Charles Robertson (1844 in Walton-on-Thames – 10 November 1891 in Godalming) was a British painter and engraver. He focused on landscapes and genre scenes and is best remembered for his Orientalist works.

==Biography==
He studied art in London during the early 1860s, although the details are unknown. The watercolorist, Myles Birket Foster, was a good friend of his and had a noticeable influence on his style, so it is possible that Foster was also his teacher.

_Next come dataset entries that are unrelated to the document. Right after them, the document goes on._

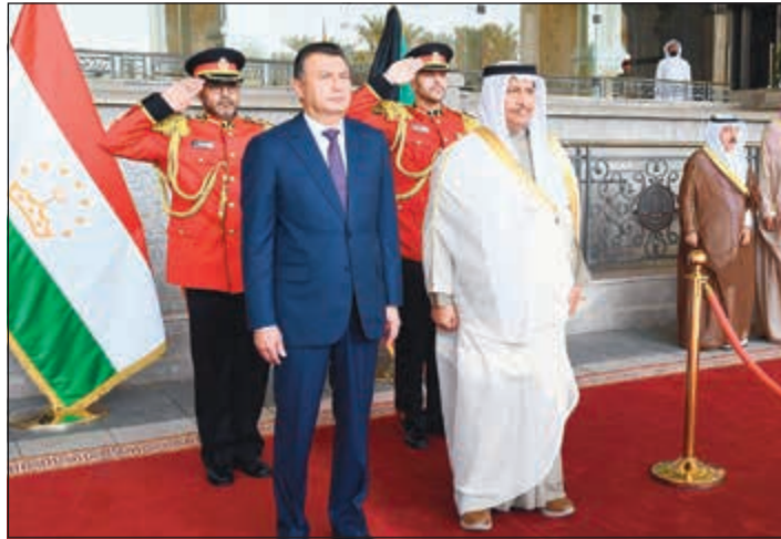
سمو رئيس الوزراء الشيخ جابر المبارك خلال استقباله رئيس وزراء طاجيكستان قاهر رسول زاده
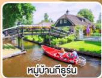
หมู่บ้านทึร์รูน
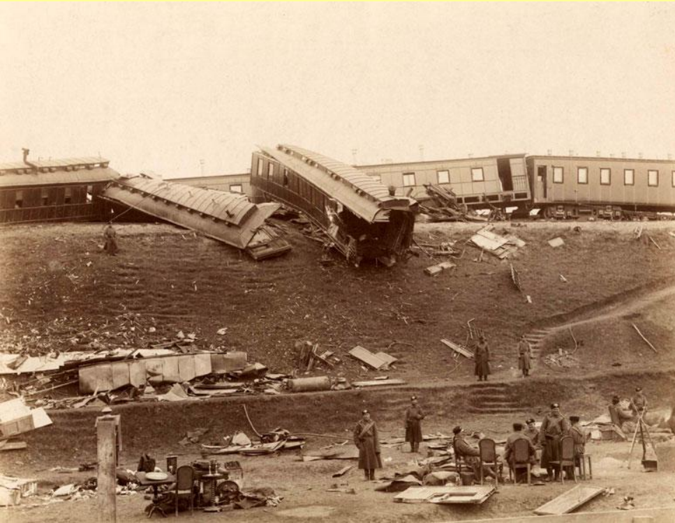
Катастрофа императорского поезда близ ст. Борки Курско-Харьковско- Азовской железной дороги. 17 октября 1888 г.

В 1888 г. императорский поезд потерпел катастрофу близ станции Борки. Крушение было следствием чрезмерно высокой скорости тяжелого царского поезда, которого легкие рельсы и деревянные шпалы не выдержали.
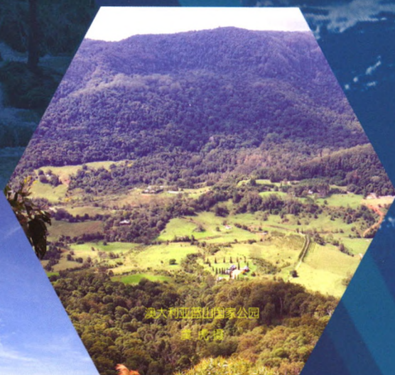
澳大利亚蓝山国家公园
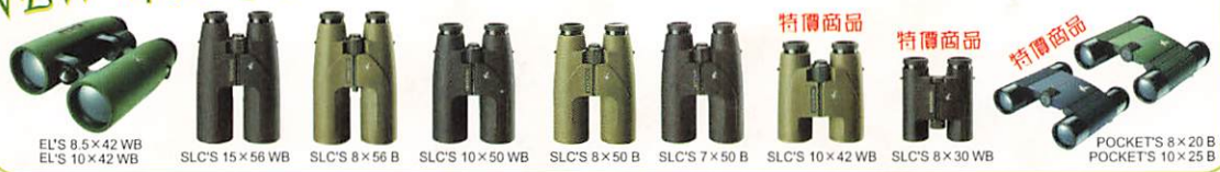
EL'S 8.5x42 WB EL'S 10x42 WB
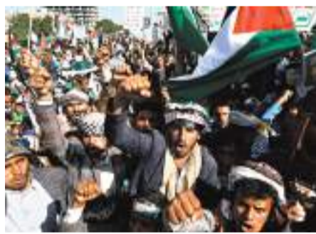
◆也門民眾抗議以軍轟炸加沙地帶。

中國政府中東問題特使翟隴13日應約，集體會見阿拉伯國家駐華使節和阿拉伯國家聯盟駐華代表處負責人。翟隴表示，中國支持阿盟在巴勒斯坦問題上發揮重要作用。下階段，中方願同阿盟和阿拉伯國家保持溝通協調，繼續做有關各方工作，為中東和平進程重回正軌不懈努力。
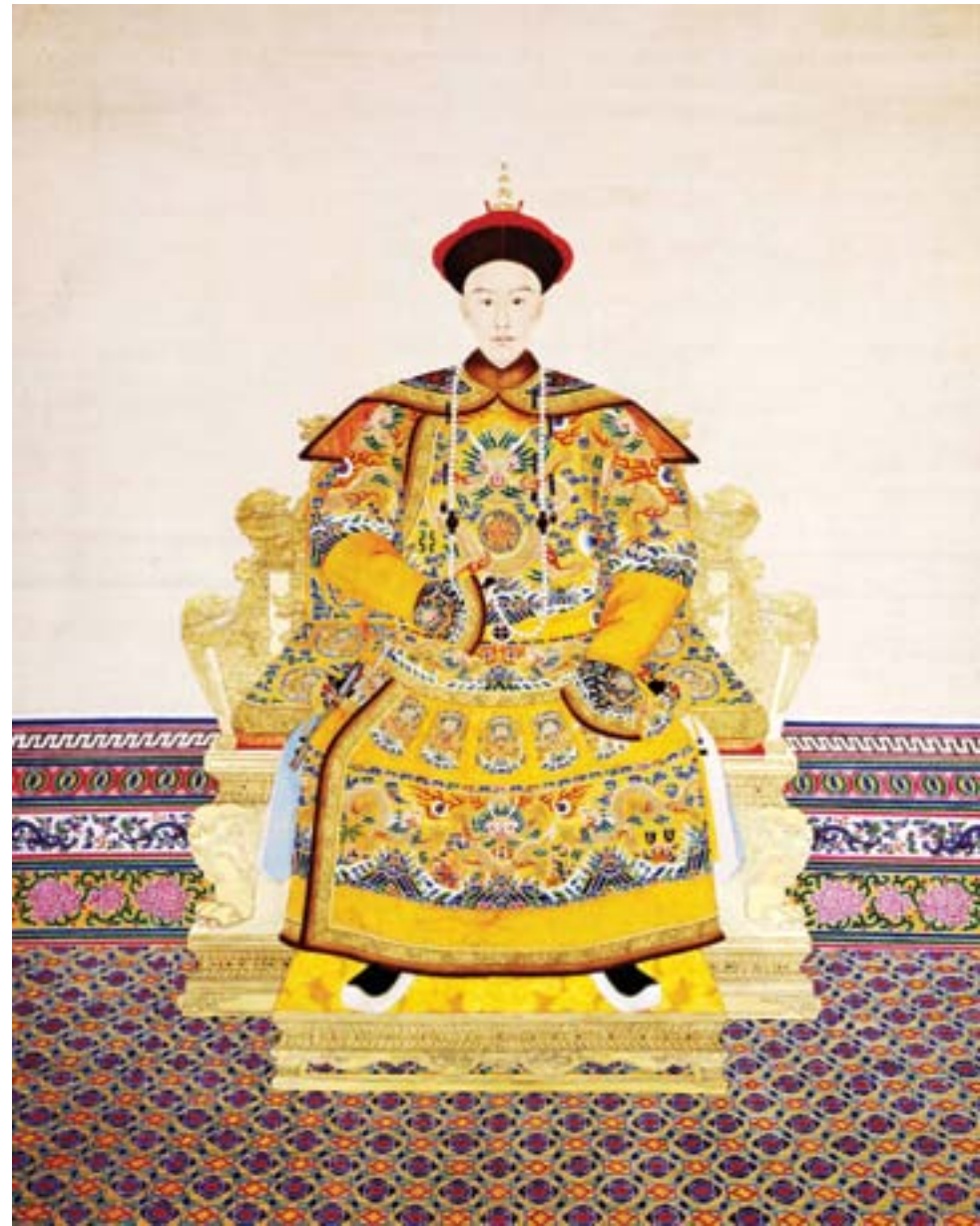
Artista cinese, Ritratto dell'imperatore Guangxu, 1875, dipinto su seta, Pechino, Museo del Palazzo Imperiale
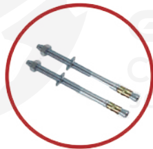
Pernos de anclaje de 1/2 x 7"
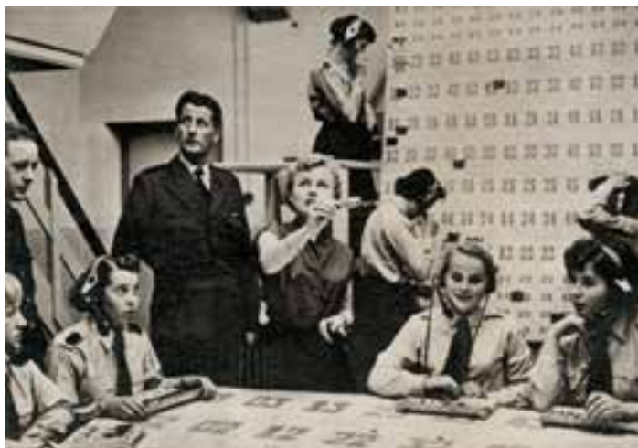
Links: Plottafel en longe range bord in luchtvaartcentrum Groningen.

For some years, he lived in Aix-en-Provence and, hearing about the opportunities available for aspiring artists, made his first trip to North Africa (Algeria) in 1862. The following year, he had his professional debut at the Royal Academy. In 1865, he married Alice Mary Lonsdale (1836–1916), the daughter of Captain William Lonsdale, one of the founders of the town that would later become Melbourne.

Buoyed by the success of his first exhibits, he travelled to Turkey (1872), then Egypt and Morocco (1876); journeys which would provide him with inspiration and material for the remainder of his career. Toward the end of his life, in 1889, he made an extended visit to Jerusalem, Damascus and Cairo.

After 1884, he worked exclusively in watercolors. He established himself in this medium so quickly that, in 1885, he was elected an associate of the Royal Watercolour Society; becoming a full member shortly before his death. He also served as Vice-President of the Royal Society of Painter-Etchers and Engravers.

A major retrospective of his work was staged by the Fine Art Society from 31 October - 3 December 1892. It consisted of "130 watercolour drawings by the late Charles Robertson, RWS, of Palestine, Cyria [sic], Egypt, &c.."

His paintings are held by the Walker Art Gallery in Liverpool and in the National Gallery of Australia in Canberra.